• [Task details]
Skip all pictures, then copy the lines from the start of the data through the line with "Laboratory pilot-type high-shear", keeping both ends.

• [Source material]
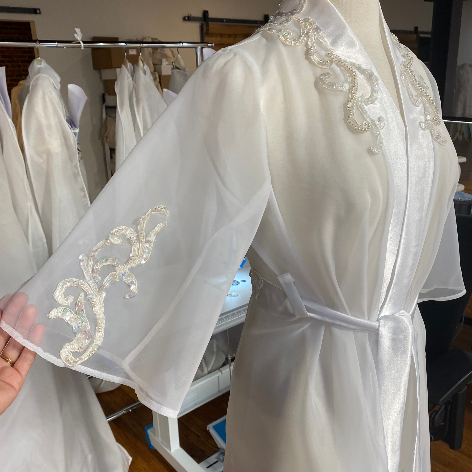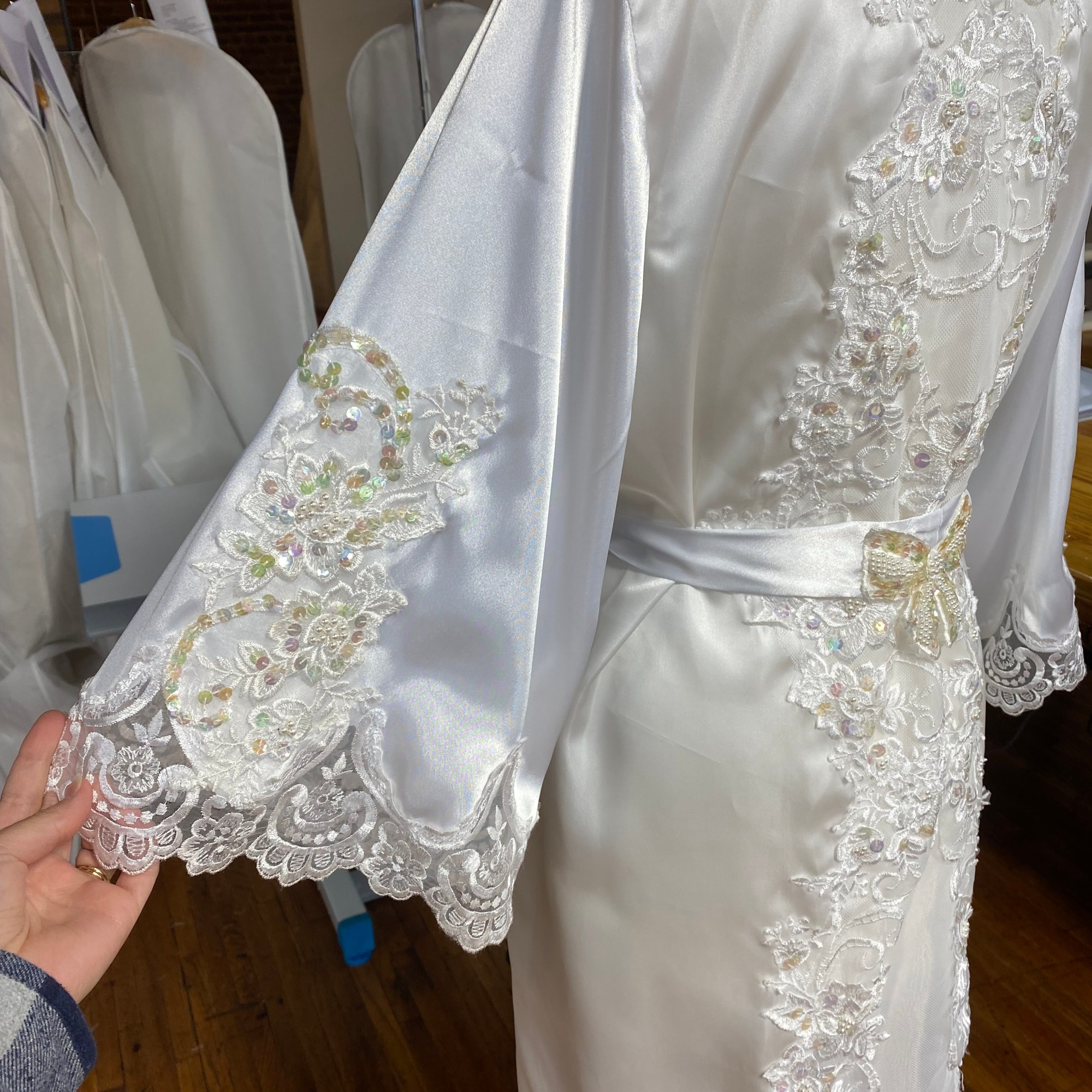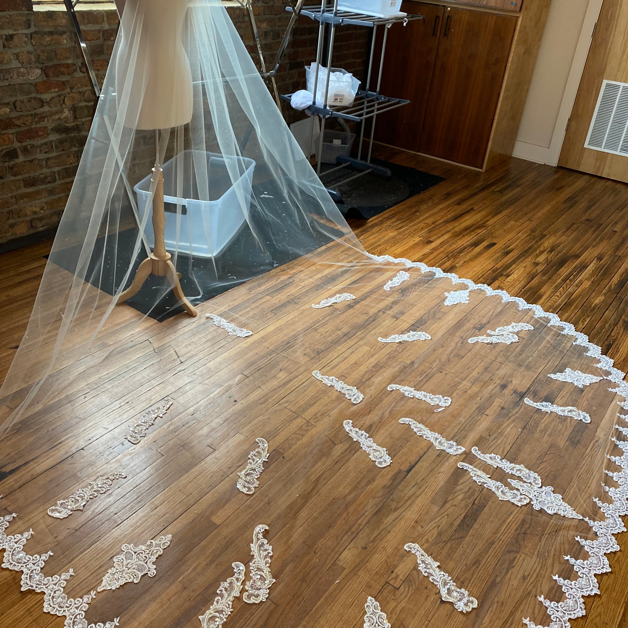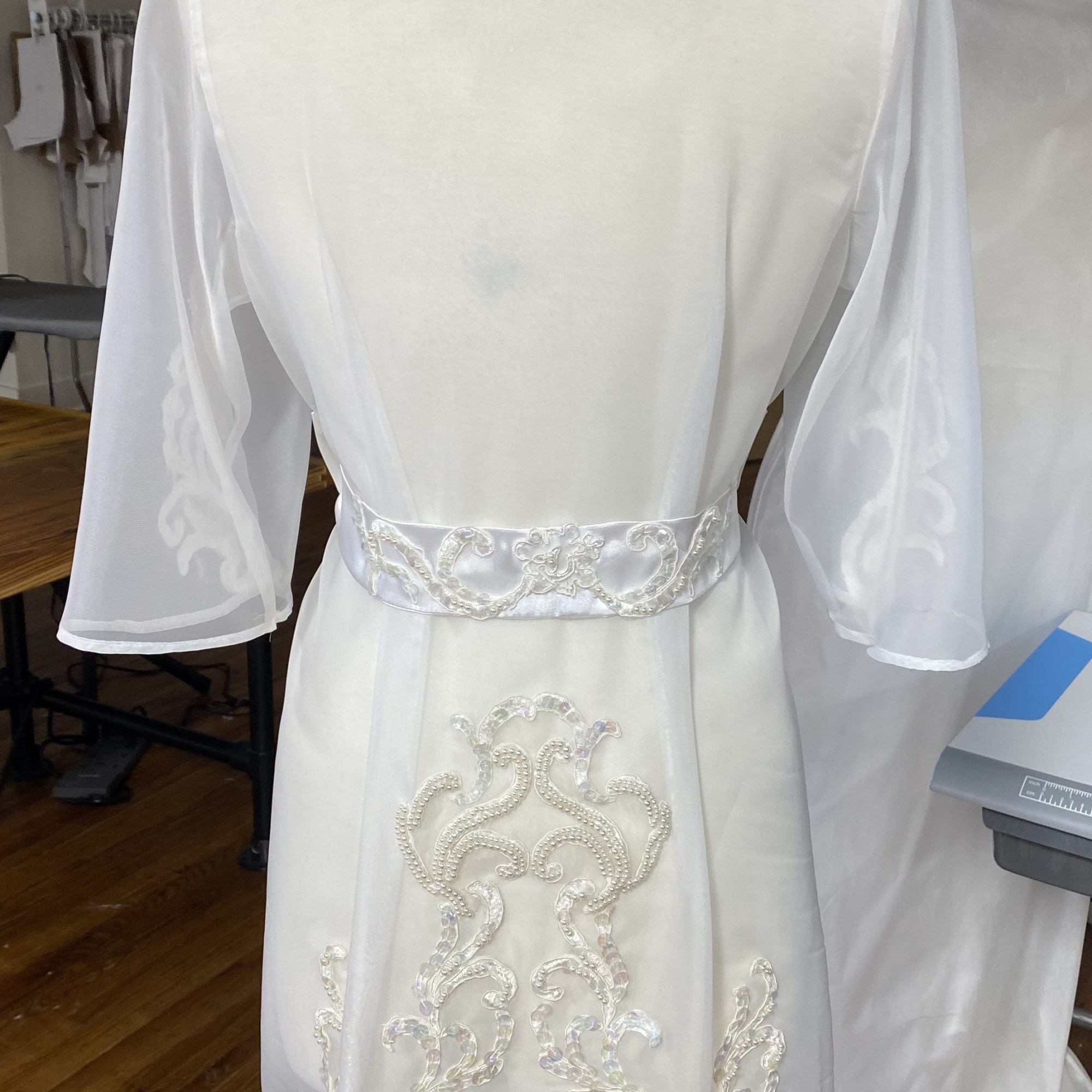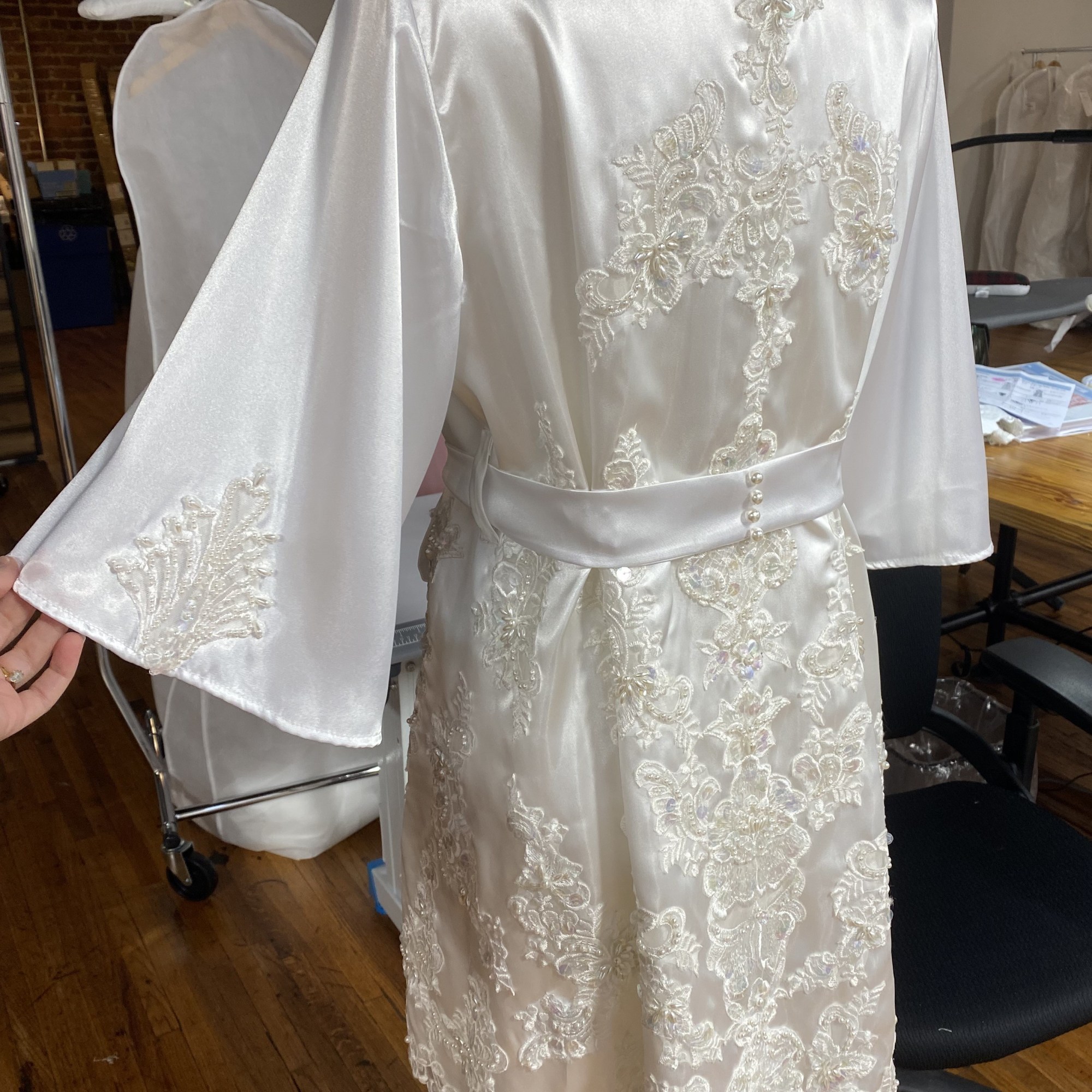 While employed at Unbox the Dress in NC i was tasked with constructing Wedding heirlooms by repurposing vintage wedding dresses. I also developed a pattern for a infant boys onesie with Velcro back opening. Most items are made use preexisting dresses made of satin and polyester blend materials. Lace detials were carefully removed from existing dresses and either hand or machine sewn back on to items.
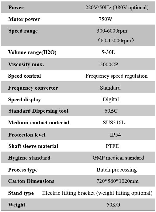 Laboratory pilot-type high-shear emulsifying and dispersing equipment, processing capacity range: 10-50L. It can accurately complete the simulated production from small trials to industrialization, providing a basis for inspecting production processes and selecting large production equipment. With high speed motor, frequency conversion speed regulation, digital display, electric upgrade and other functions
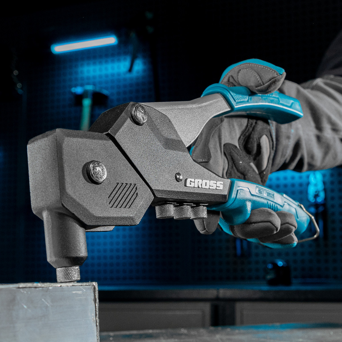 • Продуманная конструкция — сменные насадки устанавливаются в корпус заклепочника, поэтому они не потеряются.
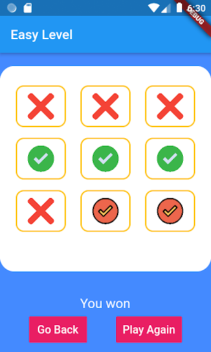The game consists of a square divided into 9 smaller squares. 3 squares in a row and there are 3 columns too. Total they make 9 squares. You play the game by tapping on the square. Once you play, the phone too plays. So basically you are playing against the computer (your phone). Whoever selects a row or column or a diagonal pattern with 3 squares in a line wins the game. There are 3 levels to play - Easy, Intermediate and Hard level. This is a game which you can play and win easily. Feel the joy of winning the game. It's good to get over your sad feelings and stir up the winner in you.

• [Answer section]
 While employed at Unbox the Dress in NC i was tasked with constructing Wedding heirlooms by repurposing vintage wedding dresses. I also developed a pattern for a infant boys onesie with Velcro back opening. Most items are made use preexisting dresses made of satin and polyester blend materials. Lace detials were carefully removed from existing dresses and either hand or machine sewn back on to items.
 Laboratory pilot-type high-shear emulsifying and dispersing equipment, processing capacity range: 10-50L. It can accurately complete the simulated production from small trials to industrialization, providing a basis for inspecting production processes and selecting large production equipment. With high speed motor, frequency conversion speed regulation, digital display, electric upgrade and other functions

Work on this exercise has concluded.